Apache Hive is a data warehouse system designed to operate on a large scale. Facebook (now Meta) launched Hive in 2010 to juggle large data workloads as social media popularity and operational demand skyrocketed. With a primary focus on fast data analysis and rapid online insights, Hive granted Facebook the ease, flexibility and comfort to function efficiently on a widespread basis. Since then, Hive has become part of the Apache-Hadoop project. Apache Hive is widely used by social media outlets and corporations alike.
What Is Apache Hive Used For?
How Does Apache Hive Work?
With a specialty in OLAP (online analytical processing), Hive is one of the best platforms for SQL users to create queries and engage with large data sets. As part of Hive’s OLAP, users can segment and query data from multiple database systems with ease.
It’s important to note Hive is not a relational database, a type of database that organizes data into tables based on related points. Rather, Hive organizes data into similar tables based on unit size. These tables are made of separate partitions to divide tables into different parts based on data information. These partitions can be broken down even further with a process called bucketing that breaks data down for fast data queries.
Apache Hive Benefits
Apache Hive is unmatched when it comes to speed, and that’s because it uses batch processing to interpret data. Compiling large volumes of data into smaller batches allows the system to effectively read data input and write a well-informed output in response without the system becoming overwhelmed by other competing data sets.
Additionally, the system is closely integrated with Hadoop, Apache’s open-source framework. Hadoop contains data sets ranging in size. Hive’s close proximity to Hadoop allows Hive to speedily analyze larger data sets than its competitors, which makes Hive a high-volume data center.
Apache Hive Challenges
There are a few things that Apache Hive doesn’t do as well as its competitors. Apache Hive is not compatible with OLTP (online transaction processing) actions. Tasks like online banking, shopping and instant messaging features are unavailable to users working with Hive. Because Hive is used for real-time operations, its response time to data queries must be prioritized over other functions, like core OLTP actions.

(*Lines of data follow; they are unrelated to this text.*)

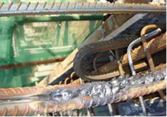 (2)、將焊接質(zhì)量不合格部位重新進(jìn)行焊接,嚴(yán)格按照施工工藝要求進(jìn)行施工,焊接完成后要清理焊渣,不應(yīng)出現(xiàn)漏焊、夾渣、咬肉等質(zhì)量缺陷,保證搭接長度滿足規(guī)范要求。
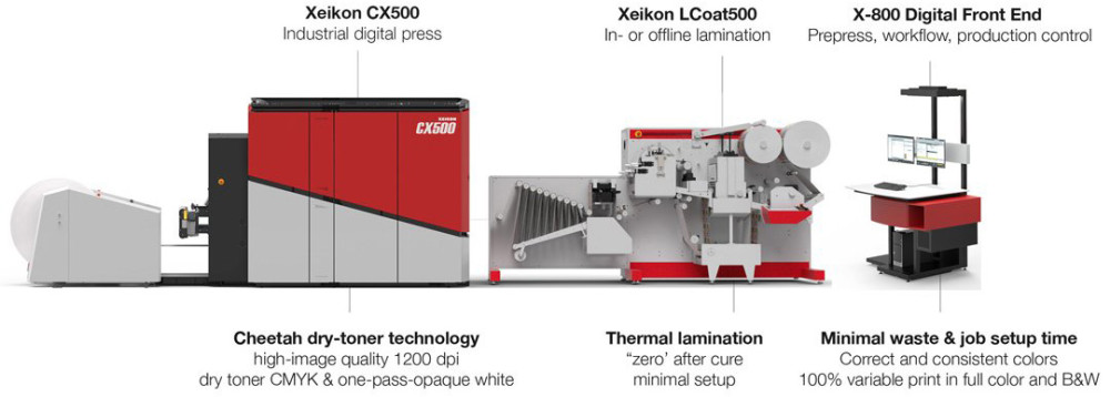 As novas impressoras digitais Xeikon CX para rótulos, etiquetas, in mold label, heat transfer, pouches, papel de paredes, documentos entre outras aplicações, são baseadas em uma plataforma de toner seco de última geração, pronta para a Indústria 4.0. Para impressos de tamanhos grandes, que exijam uma gama de cores opaca ou branca opaca, as Xeikon CX300 e CX500 superam todas as impressoras digitais de alta qualidade em termos de produtividade, graças à sua largura de banda de até 520 mm (20,47 " – CX500), tecnologia de impressão rotativa completa e velocidade de impressão de até 30 m / min (98 pés / min) A Xeikon CX500 de banda larga faz parte da série Cheetah de toner seco Xeikon, que atende ao mercado de rótulos e etiquetas autoadesivas de alta qualidade, e complementa a Xeikon CX300 de banda estreita.
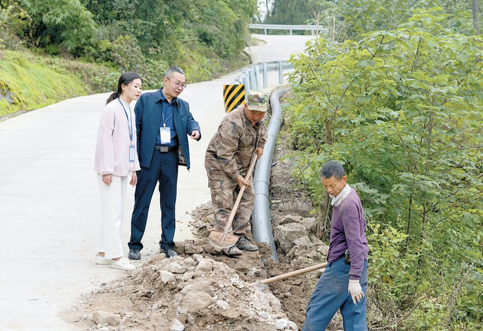 重庆市忠县纪委监委联合有关部门对农村安全饮水项目建设进度及质量进行监督检查,确保群众喝上安全放心的自来水。图为该县纪检监察干部在磨子土家族乡磨子社区了解自来水管道铺设等有关情况。
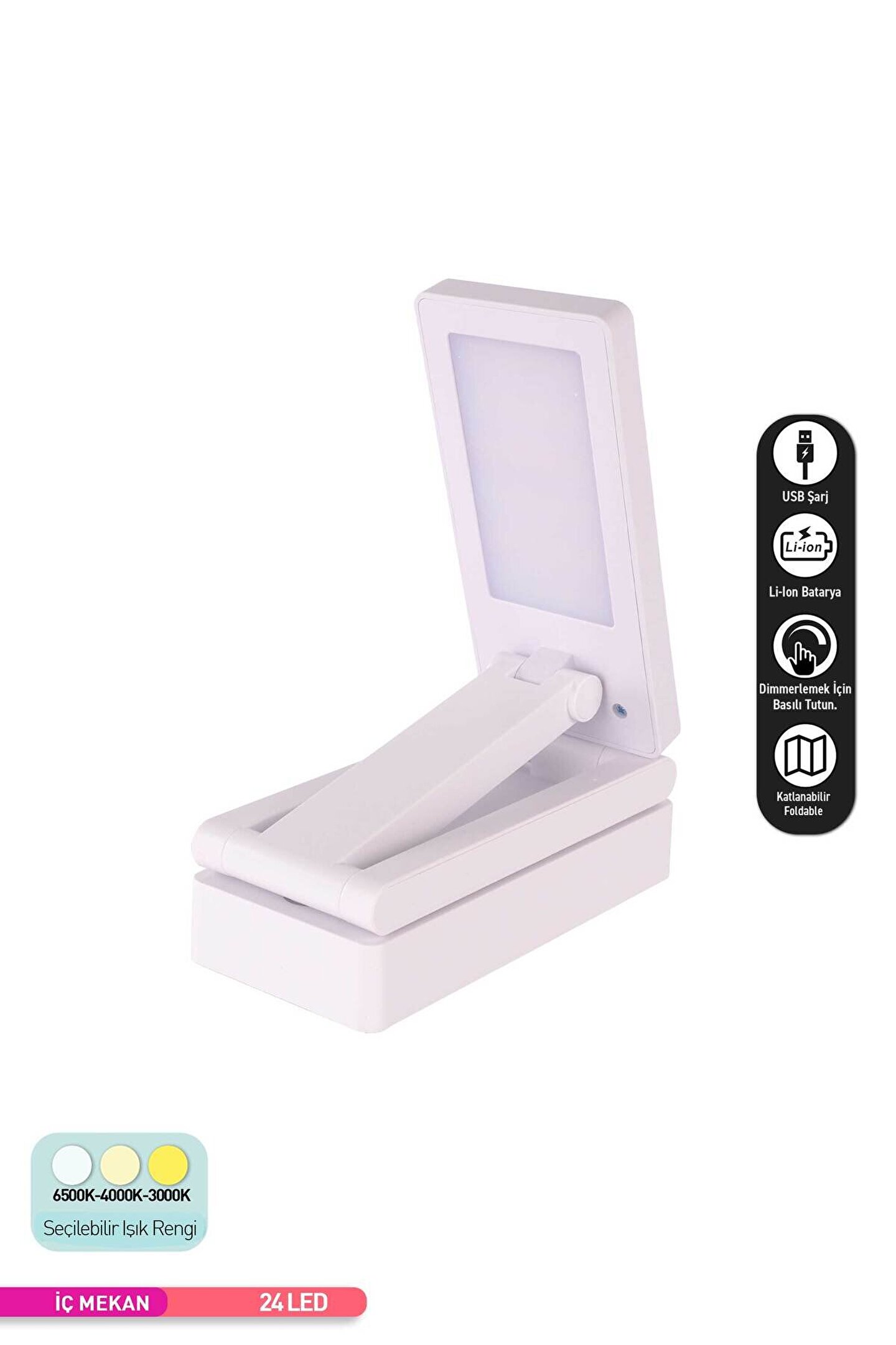 Kablosuz tasarımı sayesinde, herhangi bir priz arama derdine son veren şarj edilebilir yapısıyla her yere kolayca taşınabilir; Dayanıklı plastik materyali ile uzun ömürlü kullanım sunar ve kolay temizlenebilir özelliğiyle pratik bir bakım imkanı sağlar; Renk değiştirme özelliği ile farklı aydınlatma ihtiyaçlarınıza uyum sağlayarak kişisel konforunuzu artırır; E27 duy tipi sayesinde geniş uyumluluk sunar ve mevcut lamba soketlerine kolayca monte edilebilir;
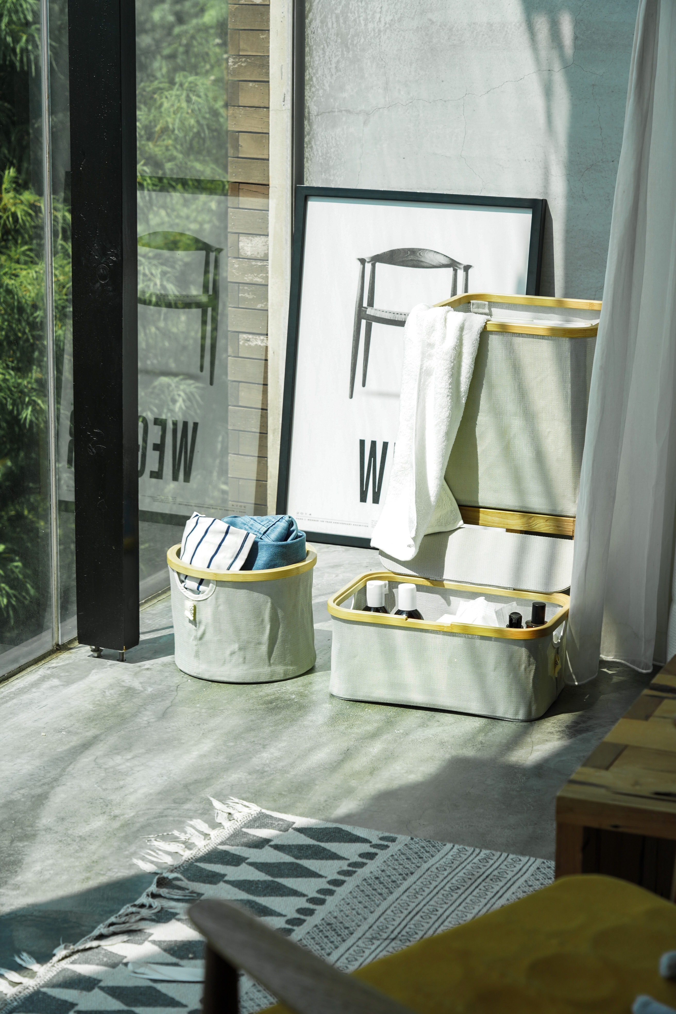 我個人選了FRASA(正方形、圓形)還有AKORE (加蓋款) 這系列的收納籃融入了生活的居家美學,透過原竹色的毛竹搭配莫蘭迪綠布料,打造出清新日系的質感極簡風,無論是擺在家裡的哪個位置都很耐看!
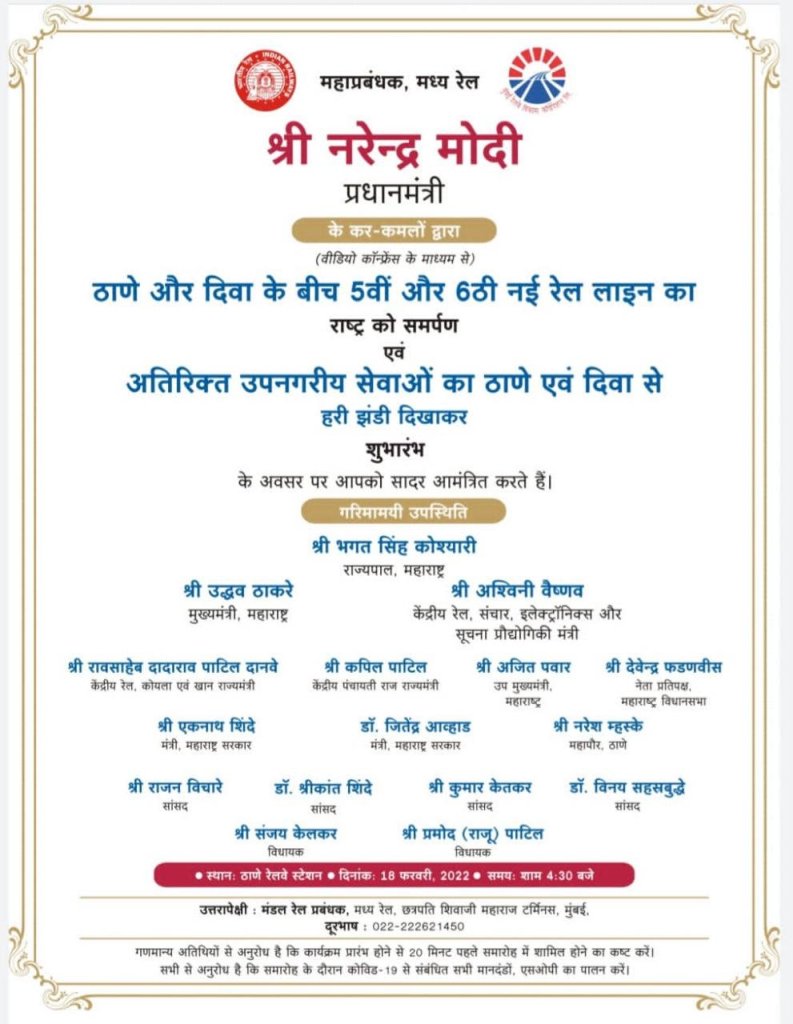 कल छत्रपति शिवाजी महाराज की जन्मजयंती है। सबसे पहले मैं भारत के गौरव, भारत की पहचान और संस्कृति के रक्षक देश के महान महानायक के चरणों में आदरपूर्वक प्रणाम करता हूँ। शिवाजी महाराज की जयंती के एक दिन पहले ठाणे-दिवा के बीच नई बनी पांचवीं और छठी रेल लाइन के शुभारंभ पर हर मुंबईकर को बहुत-बहुत बधाई।
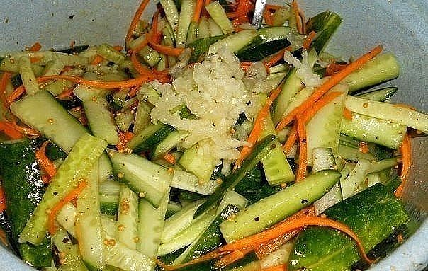 3.смешиваем порезаные огурцы и потертую морковку.
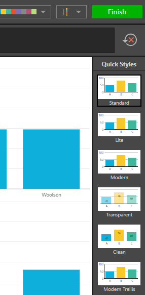 The quick style presets are displayed on the right of the screen when you click on a chart type:
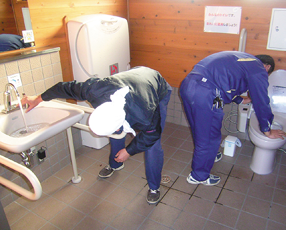 公衆トイレの衛生機器点検
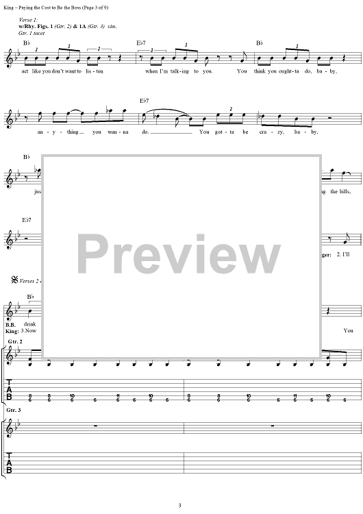 "Paying the Cost to Be the Boss" Sheet Music by B.B. King
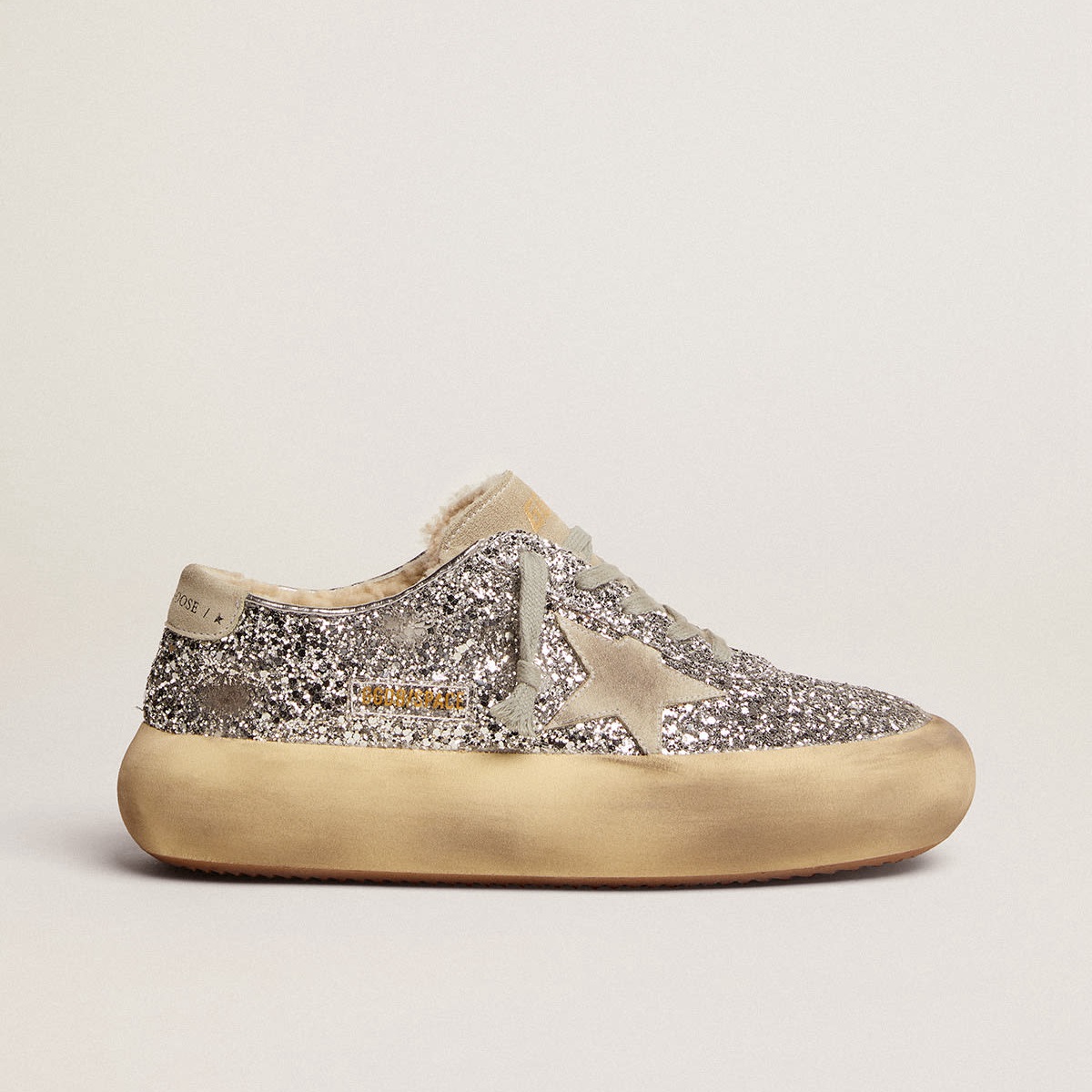 Scarpe da stella spaziale d’oca dorate in glitter d’argento con fodera di shearling GWF00346.F002998.70136

Additionally, Hive is not a “schema on write” database, which means it doesn’t create a schema (or structure) for data when you enter it into the database. Instead, Hive is a “schema on read” database that loads data without the need to create a schema and allows you to begin working with data right away. While many love schema on write databases for query speed and precision, schema on read saves valuable time. Furthermore, Hive is purely an online query answering system with functional benefits that can be used for real-time queries or updates.
Apache Hive vs. Apache HBase
Be careful not to confuse Apache Hive with Apache HBase. While the two systems have similar names, they differ wildly when it comes to quality and performance. While Apache Hive gives you multiple supported file formats, reliable batch processing and structured and unstructured data support, Apache HBase falls short in all of these areas.
HBase isn’t closely integrated to Hadoop like Hive. Since HBase was designed to store and process unstructured data, there are structural limitations that inhibit the system from processing data as quickly as Hive. If you’re interested in analytical data querying, Apache Hive is the better system.
Is Apache Hive Still Used?
Aside from Meta, there are many companies that use Apache Hive for its speed and trustworthiness. For example, Airbnb prefers to use Apache Hive when processing its vacation rental data to keep their millions of clients satisfied. Similarly, Vanguard, an investment management company, uses Apache Hive to manage their data pertaining to their $7 trillion in global assets. Ultimately, Apache Hive is best suited for large companies with heavy data loads that require daily completion.